Kepala Pusat Pelaporan dan Analisis Transaksi Keuangan (PPATK), Ivan Yustiavandana, menyampaikan perkembangan terbaru soal penelusuran dugaan penyelewengan dana dari lembaga Aksi Cepat Tanggap (ACT). Pasca pemberitaaan penyelewengan dana ACT, Ivan menyebut, data semakin banyak masuk dilaporkan penyedia jasa keuangan. Untuk itu, PPATK menghentikan sementara transaksi 60 rekening ACT.
"Kami memerlukan pendalaman lebih lanjut dan serius terkait data data yang masuk dari penyedia jasa keuangan." "Jadi, ada di 33 penyedia keuangan sudah kami hentikan," lanjutnya. Menurut Ivan, sebelumnya PPATK telah melakukan kajian terkait dana masuk dan keluar ACT sejak lama.
PPATK pun mendalami struktur entitas kepemilikan yayasan (ACT), bagaimana mengelola pendanaan. Kemudian, PPATK juga melihat entitas yang dibicarakan (ACT) terkait beberapa kegiatan yang dimiliki oleh pendirinya. Ivan menyebut, ada beberapa PT yang dimiliki pendirinya dan pendirinya termasuk orang yang terafiliasi karena menjadi salah satu pengurus.
"Ada yayasan yayasan lain, terkait kurban dan waqaf." "Kemudian, di bawahnya ada lapisan perusahaan terkait investas, lalu kemudian ada yayasan ACT," jelas Ivan. Ivan mengatakan, ada transaksi yang dilakukan secara masif terkait entitas yang dimiliki oleh pengurus.
Oleh karena itu, PPATK menduga hal ini merupakan transaksi yang dikelola dari bisnis ke bisnis. "Jadi, tidak murni menghimpun dan kemudian disalurkan, tapi dikelola dulu di bisnis tertentu dan ada keuntungan," ucapnya. Ivan memberikan contoh, ada satu entitas perusahaan yang dalam waktu dua tahun melakukan transaksi dengan ACT lebih dari Rp 30 milliar.

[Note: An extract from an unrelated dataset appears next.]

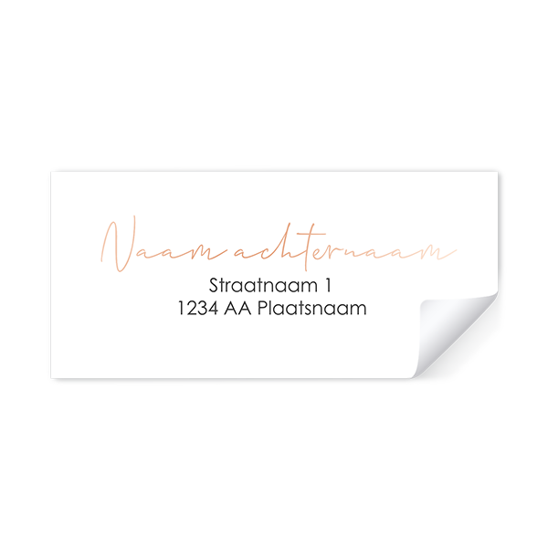 Maak zelf klassieke adresstickers bij een klassieke trouwkaart. Op het vel zitten 12 stickers van 97x45mm. Je voert zelf de adressen in per stuk en per vel. Op deze adresstickers wordt roséfolie gedrukt. Wil je liever een andere kleur folie? Dit pas je eenvoudig aan in de editor. Kies eerst hoeveel vellen je nodig hebt voordat je verder gaat.

"Ternyata pemilik perusahaan tadi terafiliasi dengan pengurus dari entitas yayasan tadi," ungkap Ivan. Sebelumnya, Kepala PPATK membenarkan adanya temuan terkait dugaan penyelewengan dana dari lembaga Aksi Cepat Tanggap (ACT). "Ya itu belasan milliar lah, kami tidak bicara semua diduga menyimpang," jelas Ivan dalam Sapa Indonesia Malam KOMPAS TV, Selasa (5/7/2022).
Ivan juga menyebut, adanya indikasi pidana penggelapan, karena adanya penggunaan dana sumbangan publik untuk kepentingan pribadi. Selain itu, Ivan mengatakan, mestinya aktivitas pengumpulan dana sumbangan publik tidak memotong dana yang akan diberikan kepada penerima bantuan. Diketahui, kasus dugaan penyelewengan dana lembaga amal Aksi Cepat Tanggap (ACT) menjadi sorotan masyarakat.
Bahkan, tagar Jangan Percaya ACT sempat trending sosial media Twitter. Pengguna media sosial mempermasalahkan transparansi ACT dalam hal penyaluran dana donasi. Bahkan, dalam sebuah laporan berita media, gaji CEO ACT disebut mencapai Rp 250 Juta per bulan.
Sementara gaji pejabat menengahnya mencapi Rp 80 Juta perbulan, ditambah fasilitas mobil Alphard atau Fortuner. Sebelumnya, Pusat Pelaporan dan Analisis Transaksi Keuangan (PPATK) menemukan dugaan transaksi ke arah tindak pidana terorisme di lembaga ACT. Merespons hal tersebut, Aswin menyebut, kasus ini masih dalam proses penyelidikan penyidik Densus 88.
"Terima kasih infonya. Permasalahan ini masih dalam penyelidikan Densus 88," kata Aswin saat dikonfirmasi , Selasa (5/7/2022). Aswin menjelaskan, kasus ini dalam penanganan internal Densus 88. Hal yang sama juga dilakukan Bareskrim untuk menyelididiki dugaan tindak pidana lainnya.
Kepala Divisi Humas Polri, Irjen Pol Dedi Prasetyo, menyampaikan Polri tengah mendalami kasus dugaan penyelewengan dana oleh ACT. Kasus tersebut, kini masih dalam proses penyelidikan dan ditangani oleh Bareskrim Polri. "Info dari Bareskrim masih proses penyelidikan dulu," kata Dedi kepada wartawan, Senin (4/7/2022).